◆ Exercise
Your job with the data below: print everything from the line that holds "Kệ góc đựng gia" down to the line that holds "脇のシャドーラインが身体のラインを立体的に見せてくれるスリム見えレギンス。", ends included, exactly, and nothing else.

◆ Data supplied
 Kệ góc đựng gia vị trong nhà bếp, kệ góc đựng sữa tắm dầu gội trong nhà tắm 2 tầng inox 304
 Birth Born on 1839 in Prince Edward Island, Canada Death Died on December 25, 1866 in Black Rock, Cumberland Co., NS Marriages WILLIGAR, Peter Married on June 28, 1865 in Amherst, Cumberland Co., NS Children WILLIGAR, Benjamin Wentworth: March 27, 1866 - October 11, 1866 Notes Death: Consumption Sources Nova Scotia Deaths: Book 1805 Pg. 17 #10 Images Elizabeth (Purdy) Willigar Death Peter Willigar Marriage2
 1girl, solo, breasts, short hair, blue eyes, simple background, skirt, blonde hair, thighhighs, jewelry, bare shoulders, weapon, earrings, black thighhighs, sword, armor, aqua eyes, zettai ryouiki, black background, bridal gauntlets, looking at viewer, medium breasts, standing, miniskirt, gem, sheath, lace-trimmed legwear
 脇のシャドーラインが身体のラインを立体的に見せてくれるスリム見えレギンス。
* * *
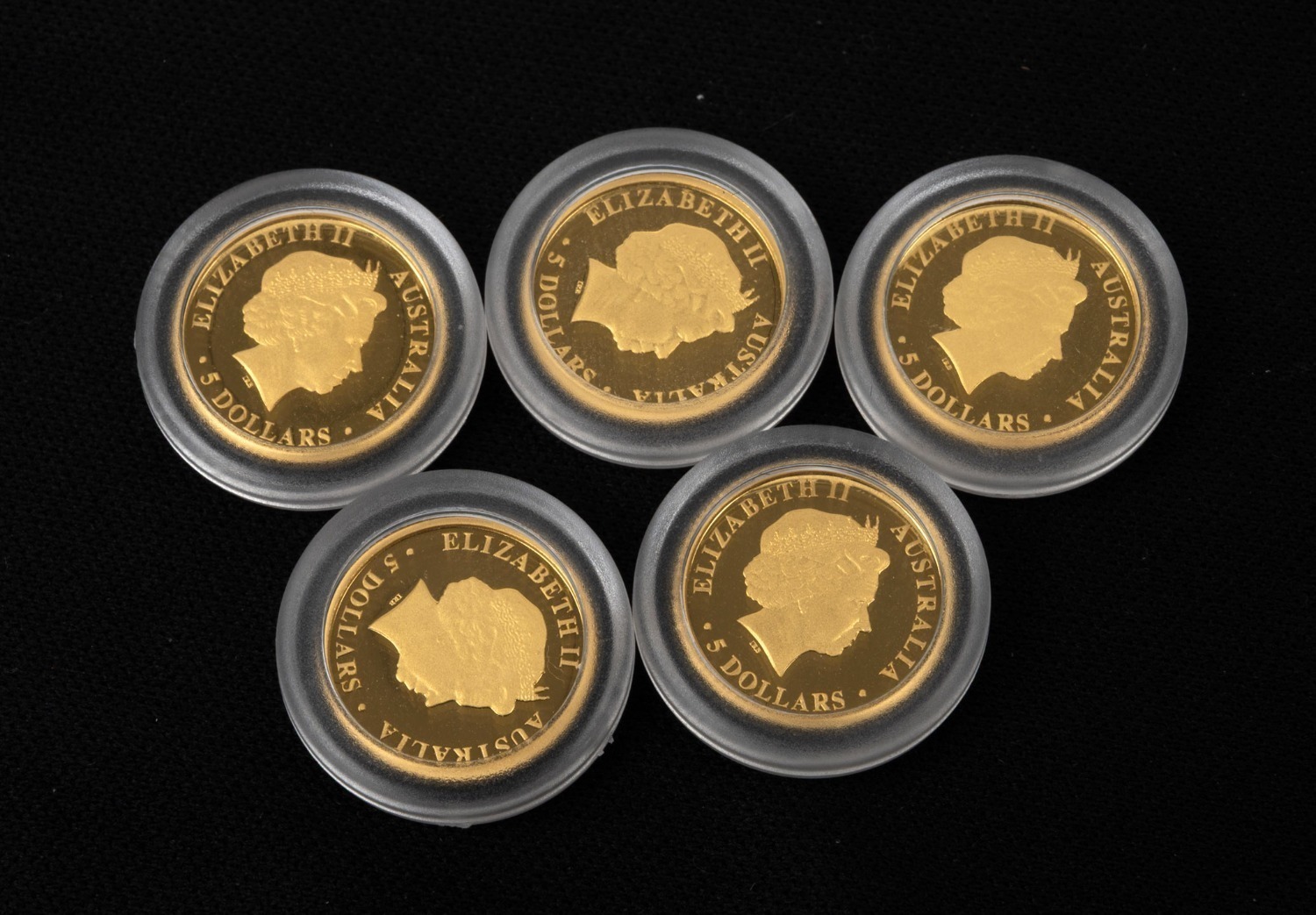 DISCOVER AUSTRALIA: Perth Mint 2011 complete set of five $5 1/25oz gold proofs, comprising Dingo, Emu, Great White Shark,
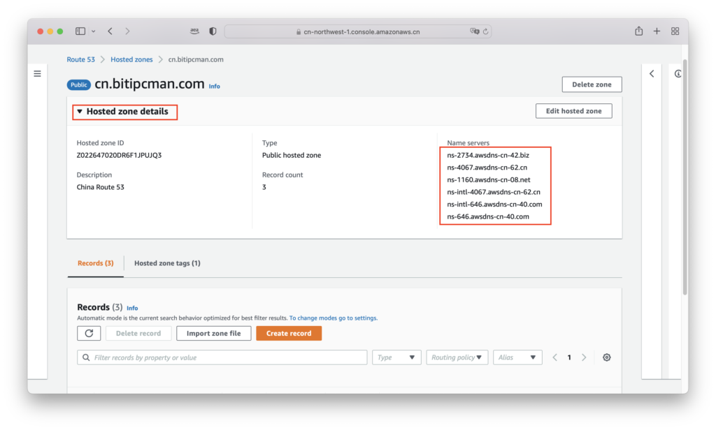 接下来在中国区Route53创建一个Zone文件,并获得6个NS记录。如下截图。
* * *
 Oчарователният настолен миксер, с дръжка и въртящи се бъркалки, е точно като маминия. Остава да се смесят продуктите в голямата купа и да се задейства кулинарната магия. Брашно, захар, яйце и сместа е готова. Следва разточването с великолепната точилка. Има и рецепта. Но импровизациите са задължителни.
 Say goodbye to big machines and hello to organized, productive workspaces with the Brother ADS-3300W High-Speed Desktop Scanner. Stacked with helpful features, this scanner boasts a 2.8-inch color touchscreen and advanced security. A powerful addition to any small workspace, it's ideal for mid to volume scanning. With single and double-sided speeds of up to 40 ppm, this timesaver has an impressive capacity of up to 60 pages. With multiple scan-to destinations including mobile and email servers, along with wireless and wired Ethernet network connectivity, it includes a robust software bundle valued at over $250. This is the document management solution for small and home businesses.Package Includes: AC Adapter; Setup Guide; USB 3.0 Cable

◆ Solution
 Kệ góc đựng gia vị trong nhà bếp, kệ góc đựng sữa tắm dầu gội trong nhà tắm 2 tầng inox 304
 Birth Born on 1839 in Prince Edward Island, Canada Death Died on December 25, 1866 in Black Rock, Cumberland Co., NS Marriages WILLIGAR, Peter Married on June 28, 1865 in Amherst, Cumberland Co., NS Children WILLIGAR, Benjamin Wentworth: March 27, 1866 - October 11, 1866 Notes Death: Consumption Sources Nova Scotia Deaths: Book 1805 Pg. 17 #10 Images Elizabeth (Purdy) Willigar Death Peter Willigar Marriage2
 1girl, solo, breasts, short hair, blue eyes, simple background, skirt, blonde hair, thighhighs, jewelry, bare shoulders, weapon, earrings, black thighhighs, sword, armor, aqua eyes, zettai ryouiki, black background, bridal gauntlets, looking at viewer, medium breasts, standing, miniskirt, gem, sheath, lace-trimmed legwear
 脇のシャドーラインが身体のラインを立体的に見せてくれるスリム見えレギンス。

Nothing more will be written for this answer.